According to the Council for Economic Education’s 2020 Survey of the States, released in February, 21 states require high school students to take a personal finance course, an increase of five states since 2018, the last time the survey was released. Twenty-five states require students to take an economics course — three more than in 2018.

But the number of states requiring students to pass a test in either of those content areas in order to graduate has dropped.

Some districts have also instituted their own requirements, as Prince George’s County Public Schools in Maryland did last month at the urging of students. By 2024, students will have to pass a financial literacy course in order to graduate.

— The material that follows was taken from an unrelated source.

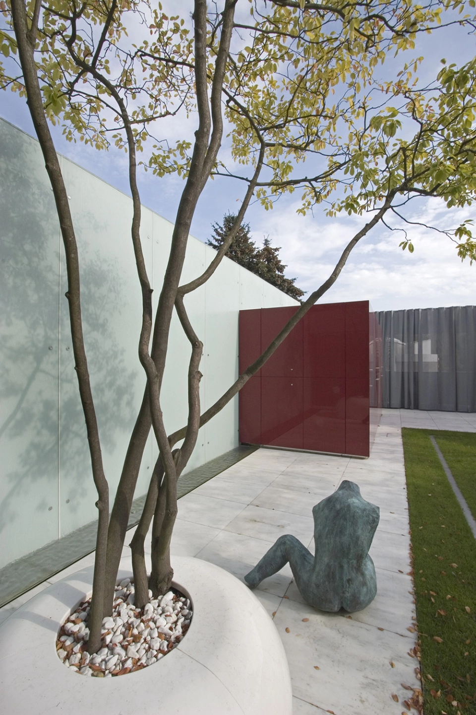 Der weiße Marmor des Bodens in der Wohnung setzt sich draußen fort, um den Garten als weiteres Zimmer zu begreifen. Felsenbirnen wachsen aus reinweißen Kugelsockeln. Sie bringen ein grafisches Element in den Garten, wie Bilder an der Wand in einem richtigen Wohnzimmer.

“The truth of the matter is we’re coming into a global recession, COVID-19 and everything that’s happening, and if you don’t know how to balance your checkbook, you’re going to be sorry,” Joshua Omolola, the student member of the PGCPS school board, said in a video.

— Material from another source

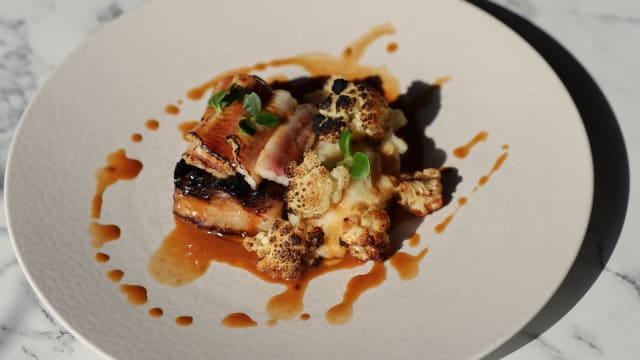 Potato mousseline-green apple spaarndammer eel-cauliflower-soy/fennel seed gravey

Sauer called the crisis “the ultimate teachable moment” and said it will be interesting to see how the pandemic affects teens’ financial knowledge across all the participating countries.

She added that “excellent curricula” have some common elements. They are taught by trained educators, include materials from unbiased sources, are presented to students when they can apply the principles and include topics relevant to students from different backgrounds.

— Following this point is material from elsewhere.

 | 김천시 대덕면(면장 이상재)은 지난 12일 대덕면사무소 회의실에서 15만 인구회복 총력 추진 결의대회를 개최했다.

Countries that performed better on the PISA assessment than the U.S. “have a national strategy for delivering financial education to their youth, and they get youth involved in the banking system at an earlier age,” Sauer said, adding the emphasis on local control in the U.S. “presents unique challenges” and contributes to the gap between high- and low-performers.

The score gap between the highest and lowest performers was 266 points, slightly less than 280 in 2015, but still more than the gaps in other countries that took the assessment, according to the results.

Other key findings from the 2018 assessment include:

  • Students scoring in the lowest 10% made the biggest improvement since 2015, from 346 to 371, which is a different pattern seen in other PISA subject areas and in the National Assessment of Educational Progress, in which scores for the highest-performing students continue to improve or remain flat while those for low-performers drop.
  • Higher-poverty schools — where at least half of the students are eligible for free or reduced-price meals — scored below the U.S. average. But Carr noted her analysis shows 7% of students from low-income families scored at level five. “These data show that it is possible to better prepare students than we have for their financial future,” she said.

    Sauer added, however, that “very few low-income students are in schools that offer a personal financial education mandate.”

  • Twelve percent of U.S. students reached level five on the scale — a score of 625 or above. Finland had the highest proportion of students at that level, with 20%.
  • White and Asian students scored above the U.S. average, while black and Hispanic students scored below the average.